Mirana wondered about that, but said, pleased, even as she shook her head, “Well, we won’t shout as yet.”

“Ah, no, obedient sheep we’ll be,” said Amma and she gave Mirana a fat smile.

“Say nothing to Sculla,” Mirana told Amma. “Even though he is a faithful husband, he is still a man, and a man is more loyal to other men in many things than to his wife.”

“I’ll say not a word,” Amma said, then she laughed. “I will prepare a barley soup that will make the men weep with pleasure.”

“And what of Entti?” Mirana asked.

“Ah, that sweet little simpleton will do as she’s told,” Old Alna said. “She has cooked the swill, we’ve not lied about that. Asta hands her pine bark and she adds it to the stew. Amma gives her turnip root and she merrily grinds it into a paste to throw into a soup.”

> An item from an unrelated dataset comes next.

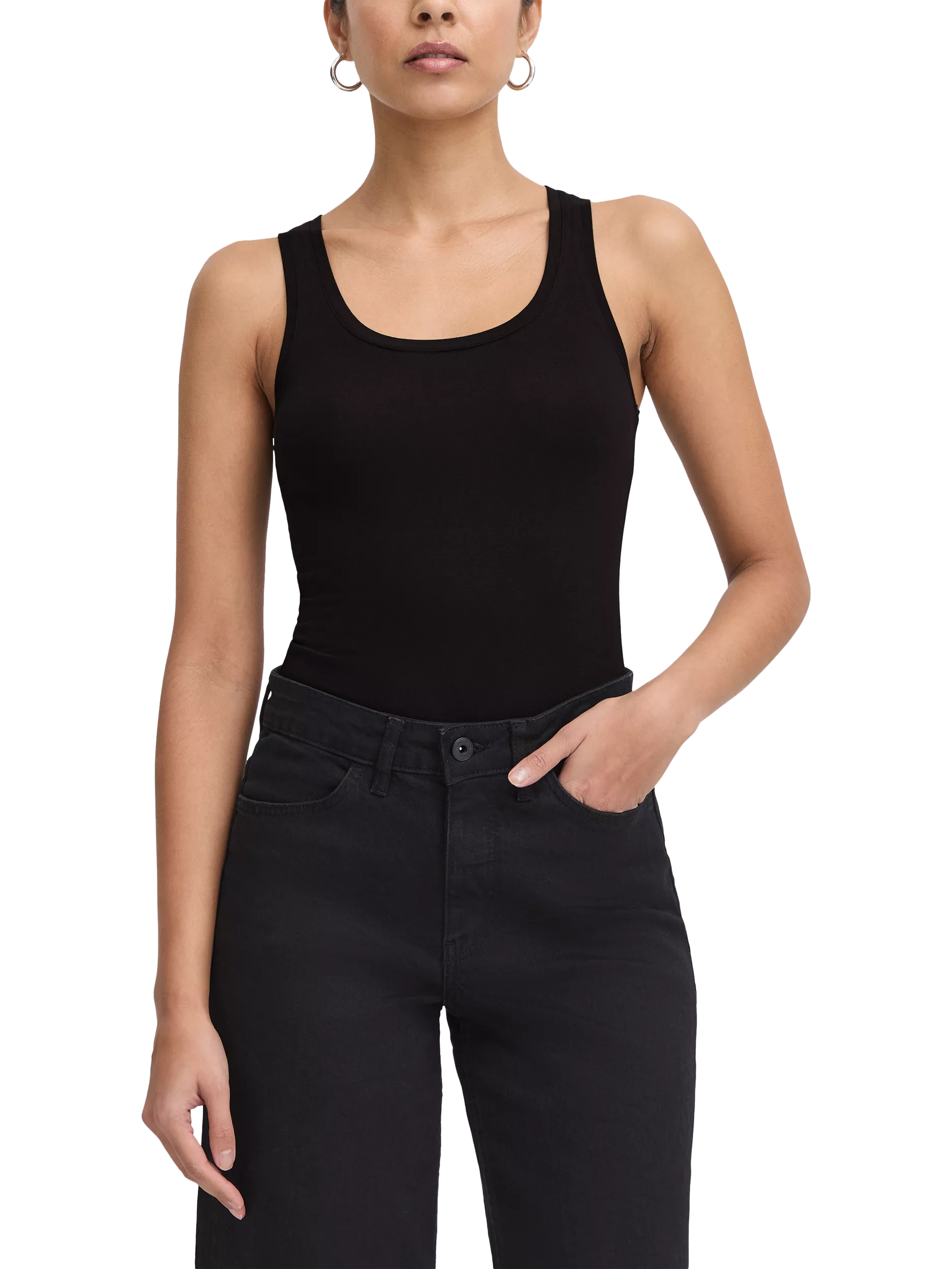 A wardrobe essential, this vest top from ICHI is free-from-fuss for timeless appeal. Cut with a scoop neckline, it is made from a light yet durable blended fabric.

“Aye, with a sweet empty smile on her face. Now we’ll let her watch,” Amma said.

8

SHE LAY ON her side on the floor, wrapped in a single blanket. Her left wrist was chained tonight because he’d looked at the bruises on her right wrist, said nothing at all, and chained her left.

He hadn’t fondled her again, had scarcely even looked at her once they’d returned to the longhouse. She thought about her meeting with Amma and Old Alna. She was doubtless a fool to involve herself with the women’s problems, but the urge had been strong inside her and she’d done it. She hoped her plan would work. She hoped Rorik would wait to make his threats to the women, just a day, just to see if perhaps their fear of him would better their cooking. Aye, and when it did, how he would preen. How all the men would strut about, feeling so pleased with themselves. But not for very long. She wished she didn’t like the women so very much, but she did. She felt kinship with them now.

She listened to Rorik’s deep even breathing. She closed her own eyes and tried to copy his rhythm. It didn’t work. She lay there wondering what would become of her, wondering what Einar was doing to find her, if he was doing anything. She might brag of her half-brother before Rorik, but to herself, she admitted the truth. No, she had no idea at all what Einar would do. He was a strange man; she’d never understood the way he thought, why he behaved as he did.

Suddenly, Rorik’s breathing hitched, his chest heaved, and he groaned deep in his throat. He cried out, and then moaned, his voice deep and raw and filled with pain, “Nay! By Thor, nay! Inga, don’t leave me! By all the gods, no!”